Module 9 Lesson 1: Bedrock Guardrails
Setting the Safety Net. How to use AWS Bedrock Guardrails to filter sensitive content and block inappropriate prompts.
Bedrock Guardrails: The Safety Wrapper
Even with RAG, users might try to trick your AI into saying something offensive or leaking sensitive PII (Personally Identifiable Information). Bedrock Guardrails is a centralized security layer that sits in front of all your models.
1. Core Features of Guardrails
- Content Filters: Block hate speech, violence, or sexual content.
- Denied Topics: Strictly forbid the AI from talking about competitors or politics.
- PII Redaction: Automatically hide social security numbers, emails, or phone numbers.
- Word Filters: Create a "Banned List" of words.
2. How it Works
When you call the Bedrock API, you pass a guardrailId. Bedrock checks the Input (Prompt) AND the Output (Response) against your rules.

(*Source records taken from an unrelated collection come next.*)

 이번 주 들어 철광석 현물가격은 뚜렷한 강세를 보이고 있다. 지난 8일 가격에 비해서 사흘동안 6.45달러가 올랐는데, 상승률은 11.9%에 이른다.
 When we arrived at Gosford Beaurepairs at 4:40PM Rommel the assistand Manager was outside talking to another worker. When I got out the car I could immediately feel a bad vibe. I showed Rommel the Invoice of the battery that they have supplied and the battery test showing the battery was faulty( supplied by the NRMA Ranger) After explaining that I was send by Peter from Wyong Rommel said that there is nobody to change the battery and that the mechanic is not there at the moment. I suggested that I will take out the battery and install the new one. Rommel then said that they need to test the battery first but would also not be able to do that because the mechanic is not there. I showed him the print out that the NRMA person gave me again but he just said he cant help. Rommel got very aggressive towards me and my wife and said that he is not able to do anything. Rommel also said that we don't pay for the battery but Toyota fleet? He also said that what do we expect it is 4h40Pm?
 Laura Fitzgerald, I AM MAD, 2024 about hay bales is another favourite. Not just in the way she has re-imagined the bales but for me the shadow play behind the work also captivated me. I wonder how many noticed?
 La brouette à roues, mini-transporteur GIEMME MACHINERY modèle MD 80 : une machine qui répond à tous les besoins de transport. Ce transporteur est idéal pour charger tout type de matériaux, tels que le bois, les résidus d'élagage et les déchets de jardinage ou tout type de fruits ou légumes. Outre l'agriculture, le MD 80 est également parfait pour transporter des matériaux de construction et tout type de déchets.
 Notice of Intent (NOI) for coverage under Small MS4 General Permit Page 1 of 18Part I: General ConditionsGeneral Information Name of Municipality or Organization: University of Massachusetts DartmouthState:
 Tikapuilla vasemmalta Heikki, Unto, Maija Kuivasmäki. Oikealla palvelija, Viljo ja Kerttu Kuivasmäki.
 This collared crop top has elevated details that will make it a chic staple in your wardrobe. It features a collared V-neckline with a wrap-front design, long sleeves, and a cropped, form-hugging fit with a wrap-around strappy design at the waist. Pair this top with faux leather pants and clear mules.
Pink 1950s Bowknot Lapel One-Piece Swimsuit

response = client.converse(
modelId="anthropic.claude-3-haiku-20240307-v1:0",
messages=messages,
guardrailConfig={
"guardrailIdentifier": "YOUR_GUARDRAIL_ID",
"guardrailVersion": "1"
}
)
3. Visualizing the Filter
graph TD
User[Prompt] --> G1[Guardrail Input Check]
G1 -->|Blocked| Err[Reject Prompt]
G1 -->|Valid| Model[LLM Logic]
Model --> G2[Guardrail Output Check]
G2 -->|Blocked| Redact[Redact PII/Topic]
G2 -->|Valid| Final[Safe User Response]
4. Why Use Guardrails over System Prompts?
- Consistency: One Guardrail can be applied to 10 different models/apps.
- Reporting: You get CloudWatch logs for every time a guardrail is triggered, helping you identify "Attackers" or problematic users.
- Speed: Filtering happens at the network layer, often faster and more reliably than a text instruction inside a prompt.
Summary
- Guardrails provide a cross-model security layer.
- They can filter content, block topics, and redact PII.
- They check both input and output.
- This is the standard for Enterprise Compliance and safety.